Escape room - education games, Serbia: Winner of Innovative Teaching and Learning Award 2022

 

The Great Escape: Making Learning Fun

Serbian Katarina Veljkovic has used her life-long enthusiasm for playing both real world and virtual games to make her programming classes come alive for her students.

“I have loved computers from the age of eight when a friend’s father bought him one, and we played games on it and then wrote our own,” she says. “The Internet at that time was not good enough to play against other people but as soon as it was, I played Age of Mythology; exploring mysterious new worlds and trying to be the best.”

Veljkovic’s passion grew at the University of Kragujevac where she studied Computer Science and Maths, and continued at the Vocational education and training [VET] centre and First Grammar school in Kragujevac, Serbia, where she increasingly exploited games’ potential to make her classes for 15-19 year old’s fun. “Students love to be someone else, and they can do this through the characters they create in virtual worlds,” she says. “Those with low self-esteem can play a role as a scientist, try out a first job interview, or take the part of a character from literature, and become more confident in the process. However, afterwards I always bring them back to the real world by asking them how they were feeling while playing the game.”

Escape Rooms

Veljkovic highlights the fact that most students are able to use technology in ways that seem incomprehensible to most adults, and can adapt much more rapidly to the use of modern technology in the classroom. “In order to ensure that technology is being used effectively, however, teachers need to use a variety of tools for different activities,” she argues. “This is the best way to enable students to understand concepts and phenomena in both science and society.”

One of the tools Veljkovic has found particularly effective is the use of Escape rooms in the virtual world of Minecraft. “I encourage students to express their creativity and develop critical thinking and digital literacy in a variety of ‘real world’ scenarios in which they have to solve set puzzles and tasks,” she explains.

One of the tasks, for example, which is of great importance for children, is to learn how to stay safe in a digital world. In a Minecraft Escape room especially designed for this activity, a student explores a space and learns how to distinguish desirable from undesirable behaviour, and how to react correctly when you encounter inappropriate content or unknown people online.

In another example, relating to rights over images, a student meets a friend at a local bazaar who has created incredible illustrations of future worlds. The student uses their phone to capture the image and then prints them on t-shirts and phone cases and sells them on the Internet. “This allows us to clarify the law and debate about when this behaviour may or may not be okay,” says Veljkovic. “Checking students' knowledge in this way frees them from the ‘nervousness’ of conventional tests because they are fully engaged, and approach it as they would a game”.

In another scenario students must check the reliability of information on a webpage.

“The idea is to teach students how to approach information on the Internet critically. They need to check the source, who is the author, and what references they have. And they must respond to these types of questions to go a step further in the game.”

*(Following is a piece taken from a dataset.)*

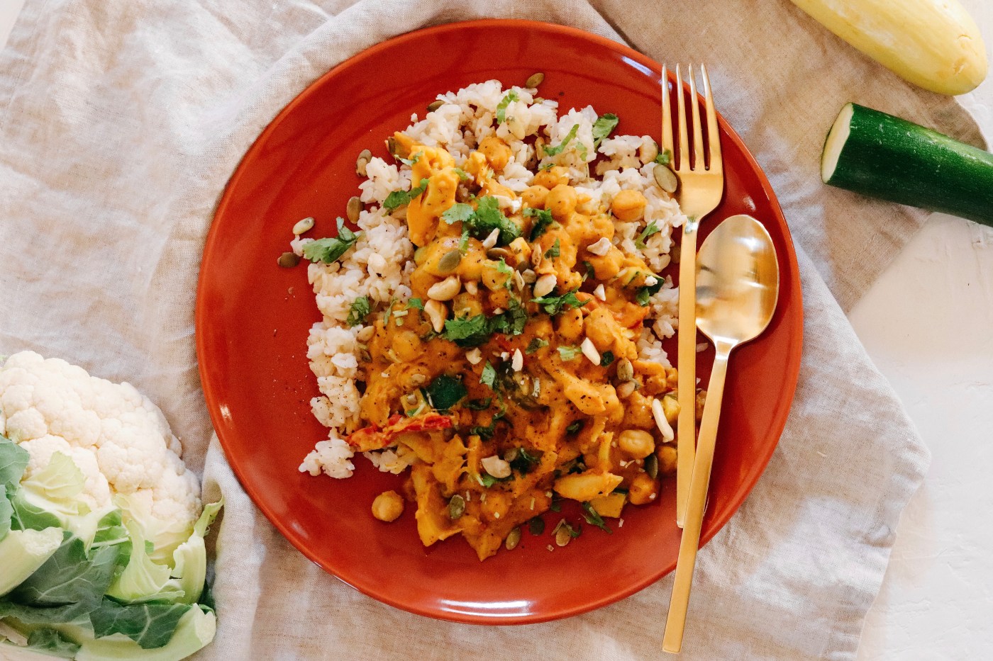 Try this Vegan Pumpkin Chickpea Coconut Curry recipe! @pinkispalate #plantbased

In total, Veljkovic has developed seven scenarios from scratch with her more skilled students, and shared them with students in other schools. Around half-a-dozen primary schools in Kragujevac are now using Veljkovic’s innovative Minecraft scenarios, as well as many others throughout the country.

“In Serbia there are free accounts and materials for teaching purposes, but it is true that until now they have not really been used for learning in our language,” she says.

“In November I will seek formal feedback from these schools, but I know anecdotally they are very pleased with the material because pupils love it,” she says. “I would like to address all topics in the same way.” 

Updating

In order to achieve this goal Veljkovic says she is learning all the time, because computer sciences are rapidly changing and she needs to keep ahead of her students. Specifically, she pays to do one-year or month-long courses at American or Serbian universities: “Oracle is the best place to learn about computer science,” she says.

“But the extra time and effort is worth it,” she concludes. “I recall one student who came to my class and didn’t understand a thing. He lacked motivation and would regularly skip classes. Now he is an engineer and working in a factory as a programmer. I know this is the right job for me; I really love teaching.”